Crypto venture capital firms are soaring thanks to an industry-wide rebound last year, new financial disclosures from the Securities and Exchange Commission reveal. In a sector known for its volatility, crypto venture investors—which typically invest in both digital assets and blockchain startups—have experienced a roller coaster over the past few years. During the bull market of 2021, they raised record amounts of funding before suffering precipitous declines during the ensuing “crypto winter.”
But the industry’s fortunes have swung upwards again on a spate of good news, including the launch of crypto exchange-traded products, like spot Bitcoin ETFs, and the election of President Donald Trump, who embraced the sector after receiving a flood of political donations from crypto executives and their allies.
The new filings, which investment advisers must file under SEC rules, show the assets under management, or AUM, of firms—a barometer for how well their holdings have performed. The AUMs for top outfits like Polychain and Haun Ventures enjoyed double-digit percent increases from 2023 to 2024, with assets managed by Austin-based Multicoin rising by over 50%.
AUM isn’t a perfect metric to understand the underlying holdings for venture firms. It doesn’t reflect certain asset flows, such as new funding rounds; distributions of returns to investors; or capital calls, where a firm requests more of the committed capital from its LPs to make investments. Still, the financial disclosures demonstrate that leading crypto venture firms are continuing to grow amid a sector-wide boom.
The trend is only set to increase as Trump advances a pro-crypto agenda, including regulatory bills working their way through Congress. Still, uncertain macro conditions could hurt prices as investors reduce their risk profiles amid concerns around tariffs and market volatility.
Crypto bump
Fortune pulled the financial disclosures for six of the largest crypto venture firms: Electric Capital, Pantera Capital, Haun Ventures, Multicoin Capital, Polychain Capital, and Paradigm. Each experienced AUM growth of over 10%, with Electric and Multicoin both growing over 50%.
Representatives for Haun Ventures, Multicoin, Polychain, and Paradigm all declined to comment.
“Since 2013, Pantera has consistently outperformed traditional VC, and we are currently raising our fifth fund,” said Paul Veradittakit, a managing partner at Pantera.
“The markets were good to us,” said Avichal Garg, the managing partner at Electric. “It will fluctuate a lot in the coming years given how volatile the markets are.”
Crypto venture capital differs from traditional tech investing.
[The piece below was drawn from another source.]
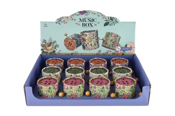 Hrající skříňka mlýnek kov/papír 9cm 3 barvy

While startups typically raise funding through selling equity stakes in their company, many blockchain startups have their own proprietary tokens and raise money either through selling those tokens, either directly or by means of a future purchase agreement.
Traditional VCs, meanwhile, must wait until their portfolio companies exit—typically through public offerings or acquisitions—before they can sell their stake, a process that typically takes seven years or more (they can also sell their stakes on private secondary markets to other investors). Crypto VCs can more quickly sell their token stashes after a cryptocurrency launches. That also means that many larger crypto firms have to operate as registered investment advisers, a special classification with the SEC that requires more robust financial disclosures, because they are dealing with liquid assets.
This dynamic, in part, has allowed crypto venture funds to raise massive rounds, as investors can enjoy more immediate returns, although venture funds also suffer from the downside risks of the volatility.
Despite the bear market of 2022 and 2023, crypto firms continue to raise capitalHaun Ventures is fundraising for its second fund with a target of $1 billion, and Paradigm announced an $850 million third fund in 2024.
Once a novelty, crypto firms have proven to have staying power, especially after weathering the collapse of FTX and subsequent fallout. Multicoin has ridden the highs and lows of Solana, experiencing a 20,287% increase in its assets from 2017 through 2021 before experiencing a 90% drawdown in 2022. The firm has since rebounded, with its AUM growing to nearly $600 million in 2024.
Correction, April 9, 2025: A previous version of this article misattributed a quote to Pantera’s head of marketing, Ping Chen. It should have been attributed to Paul Veradittakit.